特定のプロファイルの統計情報を表示するには、以下のコマンドを使用します。

> stat appfw profile <profile name>

GUI を使用してバッファオーバーフローの統計情報を表示するには

  1. システム > セキュリティ > アプリケーションファイアウォールに移動します
  2. 右側のペインで、[統計 リンク] にアクセスします。
  3. スクロールバーを使用して、バッファオーバーフロー違反とログに関する統計を表示します。統計テーブルはリアルタイムデータを提供し、7秒ごとに更新されます。

ハイライト

  • バッファオーバーフローセキュリティチェックでは、URL、Cookie、およびヘッダーの最大長を制限するように制限を設定できます。

  • ブロックログ統計アクションにより 、トラフィックを監視し、アプリケーションに最適な保護を設定できます。

  • Syslog ビューアでは、バッファオーバーフロー違反に関するすべてのログメッセージをフィルタリングして表示できます。

  • **BufferOverflowMaxURLLength 違反に対しては、クリックしてデプロイする機能がサポートされています** 。個別のルールを選択して展開することも、複数のログメッセージを選択して、現在設定されている URL の最大長を微調整したり緩和したりすることもできます。選択したグループの URL の最大値が新しい値として設定され、現在違反としてフラグが付けられているこれらのリクエストがすべて許可されます。

  • Web App Firewall は、受信したリクエストを検査する際に個々の Cookie を評価するようになりました。クッキーヘッダーで受信されたクッキーのいずれかの長さが、設定された BufferOverflowMaxCookieLength を超えると、バッファオーバーフロー違反がトリガーされます

重要

リリース 10.5.e (59.13xx.e ビルドより前のいくつかの中間拡張ビルド) と 11.0 リリース (65.x より前のビルド) では、Web App Firewall の Cookie ヘッダーの処理が変更されました。これらのリリースでは、すべての Cookie が個別に評価され、Cookie ヘッダーで受信された 1 つの Cookie の長さが設定された bufferOverflowMaxCookieLength を超えると、バッファオーバーフロー違反がトリガーされます。 この変更の結果、10.5 以前のリリースのビルドでブロックされたリクエストは許可される可能性があります。これは、Cookie の長さを決定するために Cookie ヘッダー全体の長さが計算されないためです。**状況によっては、サーバーに転送される Cookie の合計サイズが許容値よりも大きく、サーバーが「400 Bad Request」で応答することがあります。
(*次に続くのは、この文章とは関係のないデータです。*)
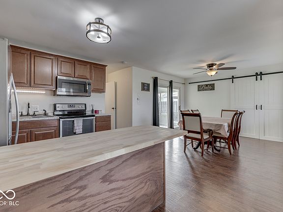 Lovely 3 BEDROOM + 1.5 RANCH in Whiteland! 1,107 Sq. Ft. ~ NEW AC 2022 + NEW Gas Water Heater 2022 + NEW ROOF 2023! Features: Fresh Interior Paint + Beautiful Laminate-Hardwood Floors; GREAT ROOM; Large, Open Eat-In KITCHEN: Breakfast Bar + Stainless Steel Appliances + Ample Cabinet Space; Large DINING/BREAKFAST ROOM w/Sliding Doors Leading to AWESOME Screened-In Patio; Perfect LAUNDRY CLOSET w/Sliding Barn Doors; PRIMARY BEDROOM w/2 Closets + 2 Additional Bedrooms - Both w/Laminate-Hardwood Floors; Exterior: Big Fully-Fenced Backyard to Enjoy: Mini Barn + Great-Size Screened-In Patio! Quiet Street ~ Desirable Location in Whiteland ~ Close to Everything!

この変更は元に戻されました。11.0 リリース 65.x およびそれ以降のビルドに加えて、10.5.e->59.13xx.e 以降の 10.5.e 拡張ビルドでの動作は、リリース 10.5 の非拡張ビルドと同様になりました。Cookieの長さを計算するときに、生の Cookie ヘッダー全体が考慮されるようになりました。Cookie の長さの決定には、前後のスペースと名前と値のペアを区切るセミコロン (;) 文字も含まれます。